Observation savanna rainforest grassland desert
biome = savanna 1 0 0 0
biome = rainforest 0 1 0 0
biome = grassland 0 0 1 0
biome = desert 0 0 0 1

Each row has exactly one 1 and all other values 0.

. . .

For linear models, drop one encoded column to avoid perfect multicollinearity (drop parameter in OneHotEncoder).

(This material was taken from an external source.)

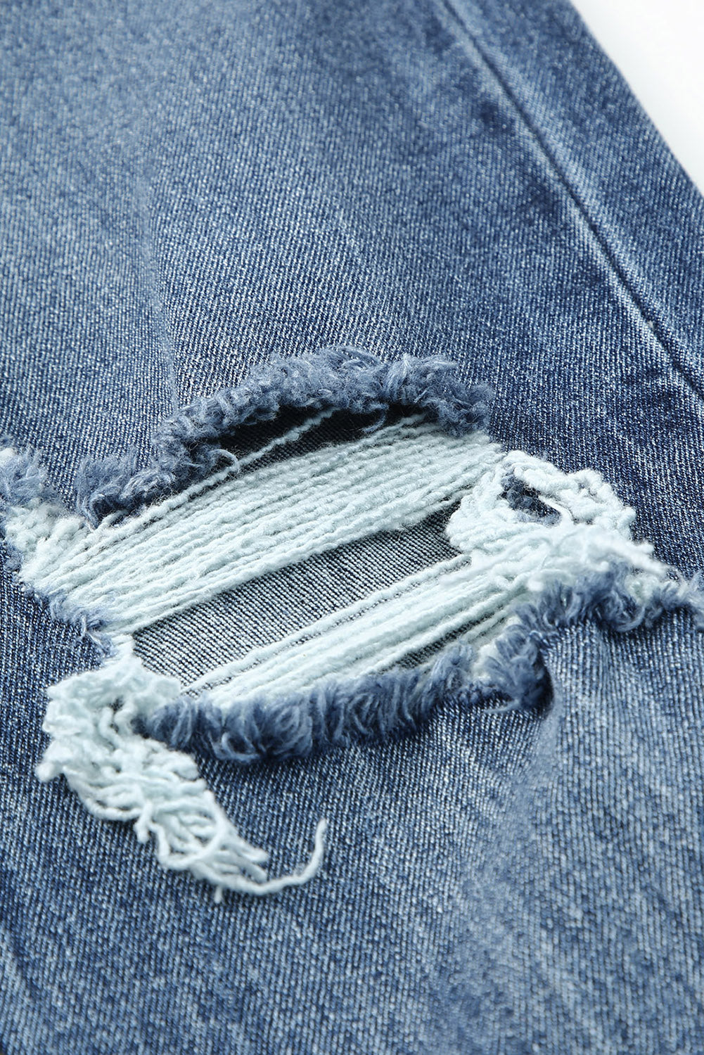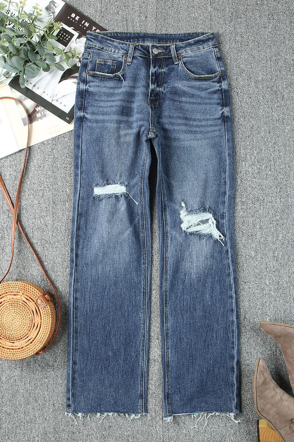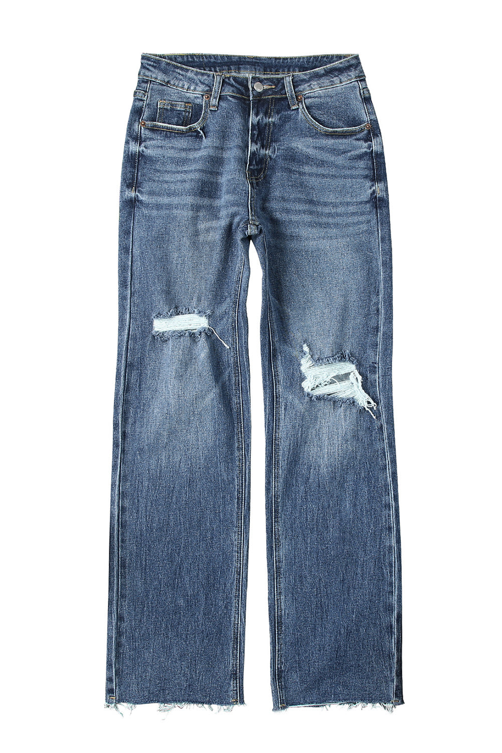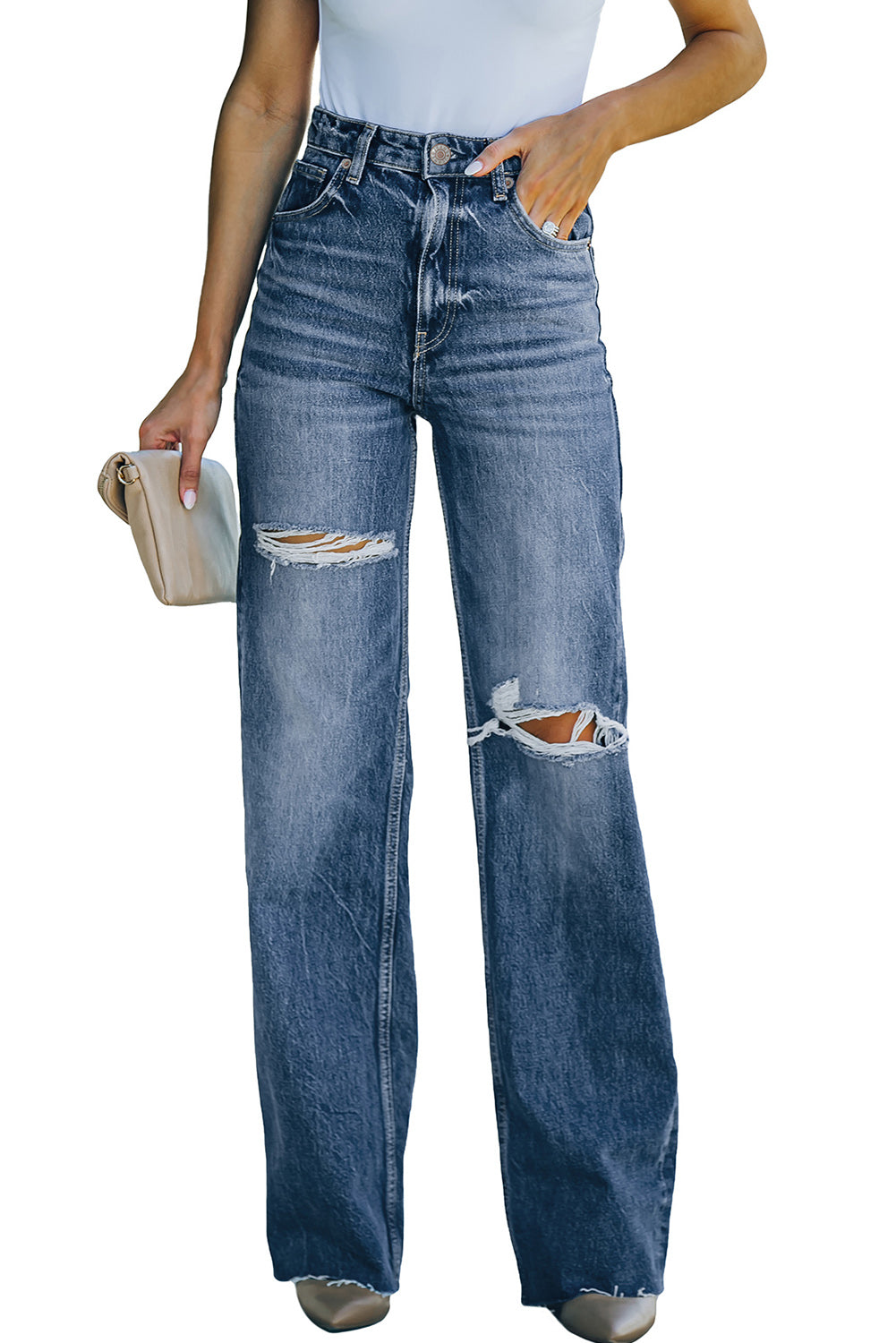 Sky Blue High Rise Ripped Straight Legs Loose Jeans

Step 7 β€” Try candidate models


Once you have a solid, clean training set:

  1. Select a few candidate models appropriate for the problem setup
  2. Train with default hyperparameters β€” don’t over-invest yet
  3. Estimate performance with cross-validation (or ROC curves for classification)

The goal is a quick, comparable baseline across model families. Tuning comes later.

Evaluating and refining

Step 8 β€” Problems with the data


If, at this point, your results are bad, there are generally two things that could have gone wrong: β€œbad model” or β€œbad data”.

Problem Description Fix
Too small More high-quality data generally helps Collect more data
Nonrepresentative Sampling noise or bias Better sampling strategy
Poor quality Outliers, errors, missing values obscure signal Drop, correct, or impute
Irrelevant features Noise prevents the algorithm from finding signal Feature selection or extraction

Step 8 β€” Problems with models


Problem Description Fix
Overfitting Model memorizes training noise; poor generalization Simpler model; more data; reduce variance via hyperparameters
Underfitting Model too simple to capture data structure More flexible model; more informative features

. . .

Whatever the challenge: it’s ok to go back and experiment with different feature combinations and models.

Steps 9–10 β€” After model selection


9. Fine-tune the selected model.

Use cross-validation on the training set to search over hyperparameter combinations (e.g., GridSearchCV). All tuning decisions must use training data only β€” the test set stays locked!

. . .

10. Evaluate on the test set.

Evaluate exactly once. If test performance is much worse than your CV estimate, the model likely overfit during tuning.

. . .

🌟 Present your results.

Report the metric value and its practical meaning. Document the full pipeline, decisions made at each step, and any caveats about where the model may not generalize.